Chris is Alan’s first, greatest, purest, entirely unrequited love. He is a class ahead of Alan in school and from another house. Although a year older he is light of frame, with thin, delicate features that Alan loves to study furtively, praying Chris won’t notice. This slender prettiness can be blamed, at least in part, on a frailty induced by chronic illness, induced in turn by a heavy white glass of thick cow’s milk, a satisfying half-pint of milk crowned by a lovely warm froth, seemingly ordinary were it not for the contamination of bovine tuberculosis. There was nothing special about the day the milk was poured. There was nothing special about the glass his hands encircled, except a mildly unpleasant chill from a layer of condensation that struck his palms. The chill nowhere near shocking enough to ward him off the poisoned drink, and down his throat it slid, coating his upper lip innocently and his bowels rather less innocently. The cough developed quickly, adding timbre to his young voice and plaguing him with a coarse production of phlegm. Since then, the bacteria have procrastinated, sustaining the host out of simple laziness. Chris keeps his illness secret, leaving Alan to speculate as to the cause of his small frame and delicate appearance.

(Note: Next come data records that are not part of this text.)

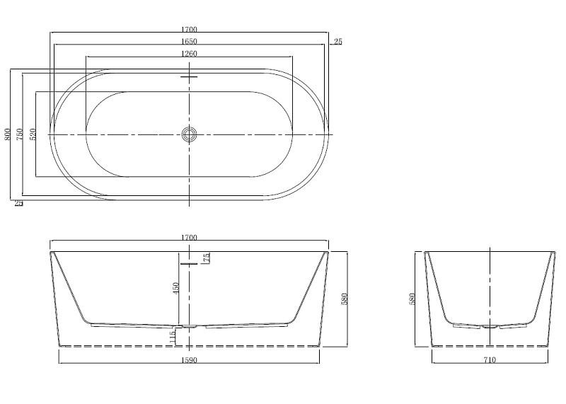 Ванна акриловая, свободностоящая, в комплекте с сифоном и металлической рамой.
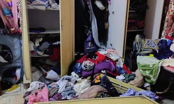 وتظهر الصور المتداولة، خزانة الملابس الشخصية الخاصة لأسرة الشيخ الخرج، التي تم اقتحامها في وقت سابق يوم أمس.
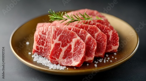 A beautiful arrangement of thin, raw beef slices with exquisite marbling, seasoned with sea salt and fresh rosemary, rests on a golden plate.
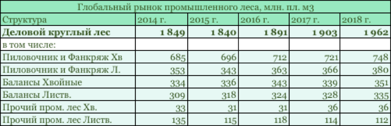 Таблица. Мировое производство необработанной древесины промышленного назначения. Структура и динамика выпуска за последние пять лет
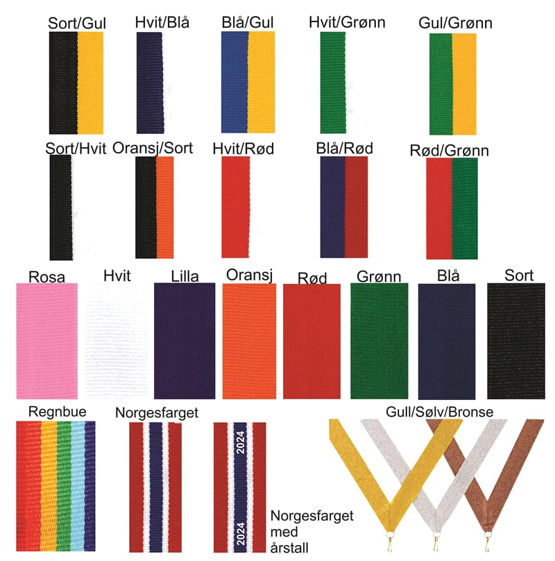 Bånd i 30 forskjellige farger inkl. i prisen.
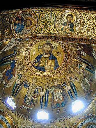 Kuppelmosaik: Christus Pantokrator, umgeben von der griechischen Inschrift "Der Himmel ist mein Thron, die Erde der Schemel für meine Füße". Darunter vier Erzengel und vier Engel in byzantinischen Ornaten oder in Rüstungen.
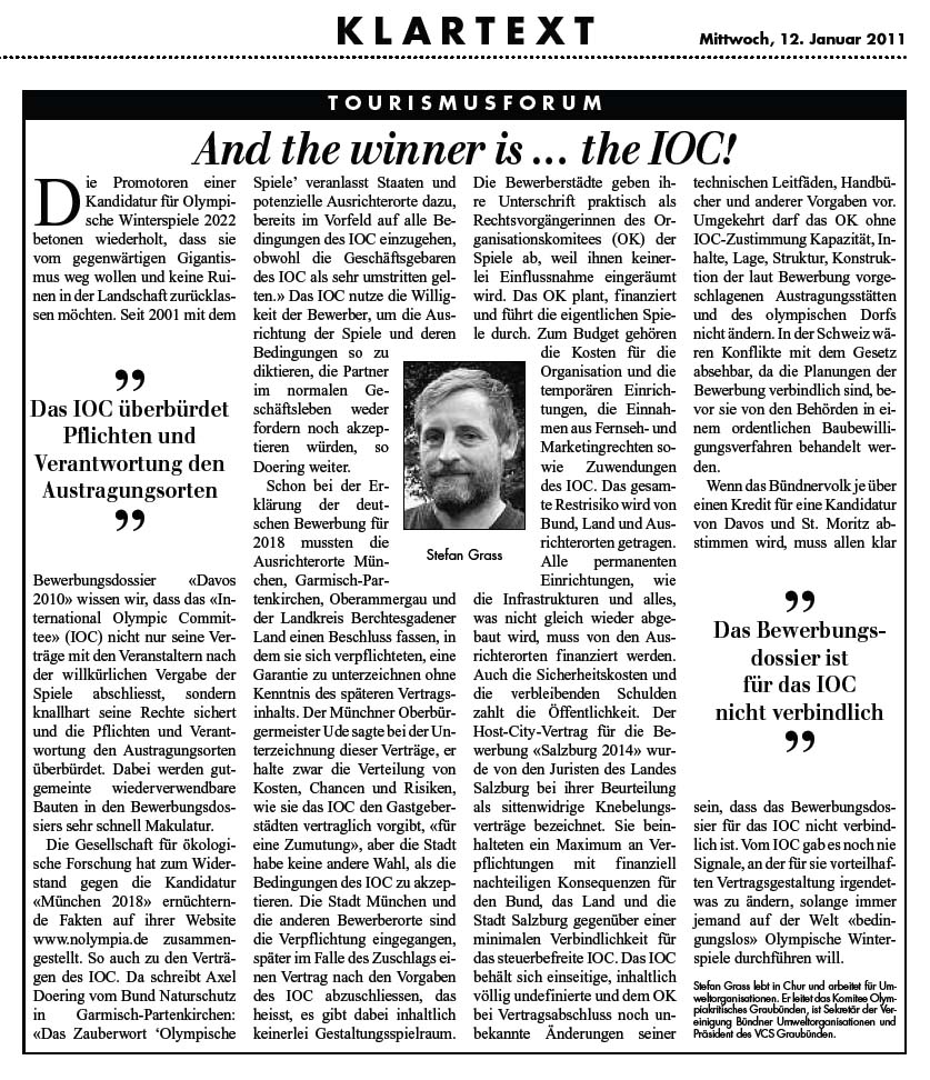 12.01.2011 Klartext von Stefan Grass im Bündner Tagblatt

Chris offers Alan the only respite from his loneliness. A pretty blond boy, he is everything Turing is not. An easy success, naturally winning, polished, and lovely. Alan could be jealous of his scientific aptitude, his adept physical chemistry experiments, his knowledge of astronomy, his superior telescope, and his family’s cultivation of scientific literacy as well as a sophistication in the arts. But instead he takes the only other route available—he loves him. He never confesses his love outright, although Chris must know that this odd classmate loves him. But then Chris is easy to love and he must know that too.

There was Alan, pushing at the fibrous trees of broccoli, unsure as to the identity of his dinner companions, unable to resolve their faces, not knowing who was with him of who was against him. When the taunt landed, he didn’t protest, didn’t defend himself, didn’t resent the implication. He grinned. A grin of indulgence at the dirty allusion. Bloody Turing.

Although the shattering of his plate shocked him, he was relieved to see the broccoli go.

Under the floorboards, he is given time to consider his gaffe over dinner. As the minutes pass, powdery dust clumps in the steam of his nose and mouth. Although he can identify the sequence of events—the boiled veg, the chair, the name, the grin, the broken plate—he’s still not quite sure what went wrong.